7 Database Patterns for Microservices Architecture
Data Storage and Management in Microservices
Introduction to Microservices Data Storage
- The speaker, Countin the Jen, introduces the topic of data storage and management within microservices, emphasizing the need for a standardized approach.
- The presentation will cover seven different microservices data storage patterns including database by service, shared database, API composition, CQRS (Command Query Responsibility Segregation), Saga pattern, event sourcing, and more.
Database by Service Pattern
- In this pattern, each microservice maintains its own private database accessible only through its API. This ensures that services do not directly access each other's databases.
- Alternatives to full-fledged databases include using private tables or schemas per service to minimize overhead costs while maintaining data privacy.
- A barrier must be established to enforce modularity; for instance, assigning unique database user IDs can prevent unauthorized access between services.
Example Scenario
- An online store application illustrates how different services (e.g., order service and customer service) manage their respective databases but may need to interact via APIs when accessing related data.
Benefits and Drawbacks
- Benefits include loose coupling of services where changes in one service's database do not affect others. Each service can choose the most suitable type of database for its needs.
- Drawbacks involve challenges with distributed transactions across multiple services and complexities in managing various SQL/NoSQL databases.
Shared Database Pattern
- This pattern allows multiple services to access a single shared database. Services can perform local asset transactions ensuring atomicity and consistency across operations.
Example Scenario
- In an online store context, both order and customer services share a common database which simplifies transaction management but increases inter-service dependencies.
Benefits and Drawbacks
- Benefits include straightforward implementation of asset transactions due to a unified schema.
- However, drawbacks consist of tight coupling among developers needing coordination on schema changes which could slow down development time.
Saga Pattern
- The Saga pattern coordinates transactions that span multiple services without relying on distributed transactions.
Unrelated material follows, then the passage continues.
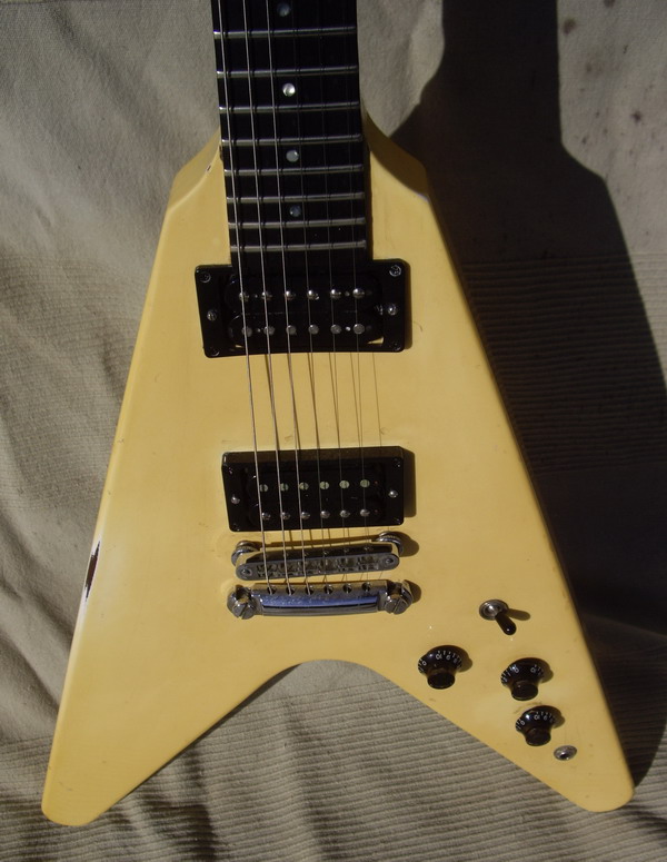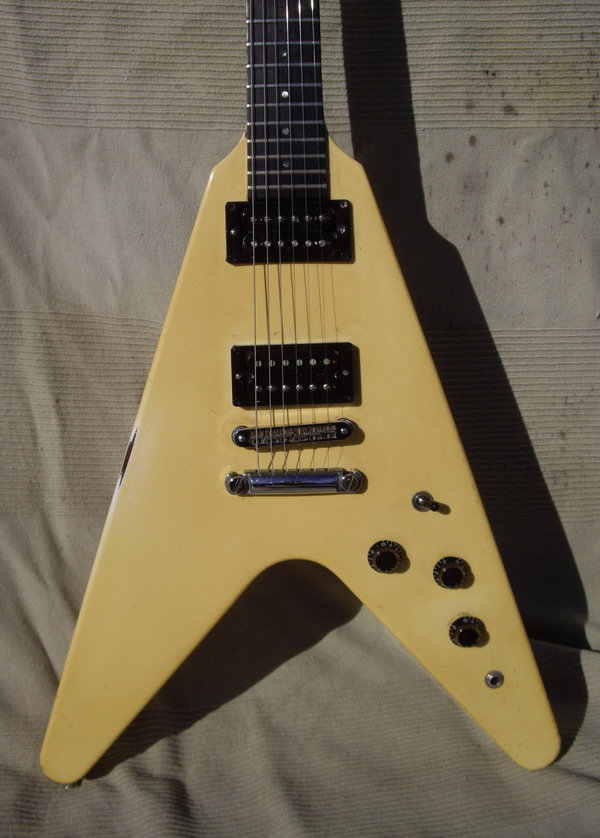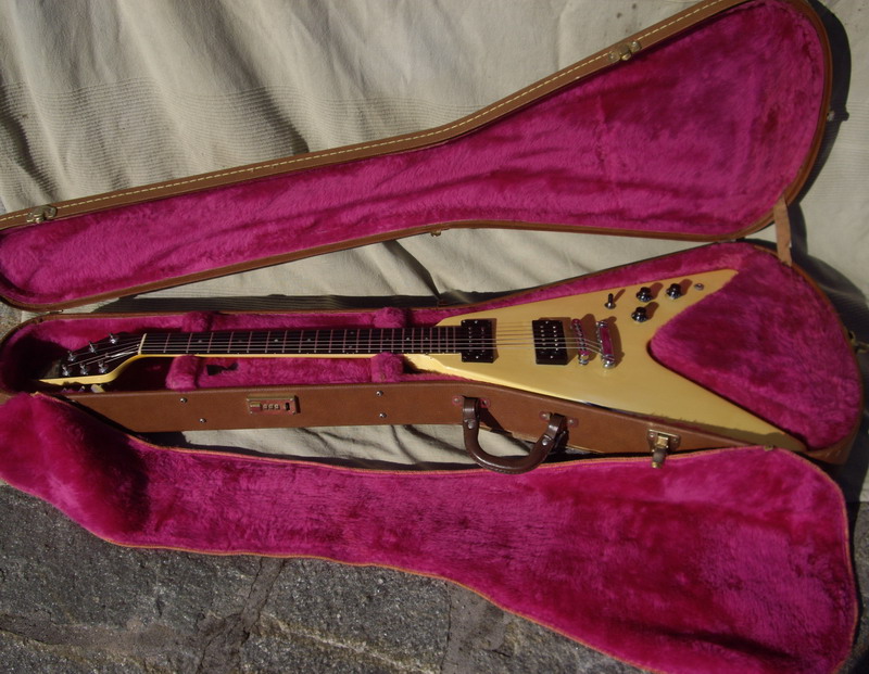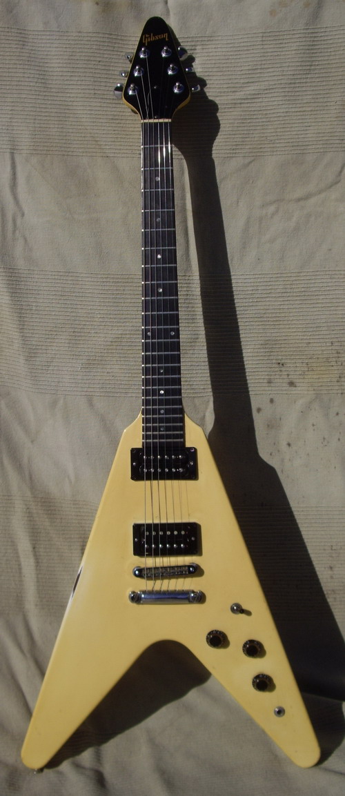 '85 FLYING V White (Creme) Gold Parts 2HB Patent Number, rare, Gibson Case EX code GI588

It uses a sequence of local transactions that publish events upon completion.
Implementation Approaches
- Two approaches exist: choreography (where events trigger local transactions across services automatically), and orchestration (where an orchestrator directs the flow of operations).
Advantages and Disadvantages
- Sagas maintain data consistency without distributed transactions but introduce complexity in programming models due to compensating actions required for failed operations.
API Composition Pattern
- This method addresses query complexities arising from multiple microservices by creating an API composer that aggregates results from various sources into a single response.
Benefits and Drawbacks
- While it simplifies handling queries across microservices, it may lead to inefficient memory usage during large dataset joins as all processing occurs in-memory.
Command Query Responsibility Segregation (CQRS)
- CQRS separates read operations from write operations by utilizing read-only replicas designed specifically for query support while keeping main event-driven architecture intact.
Advantages
- It enhances performance through separation of concerns but increases complexity due to potential code duplication across systems.
Event Sourcing
- Event sourcing captures state changes as sequences of events rather than storing current states directly. This allows reconstruction of past states based on historical events.
Benefits
- It provides reliable event-driven architecture facilitating consistent updates while avoiding object-relational impedance mismatch issues commonly found in traditional systems.
This structured markdown file encapsulates key insights from the transcript regarding various data storage patterns used in microservices architecture along with their benefits and drawbacks.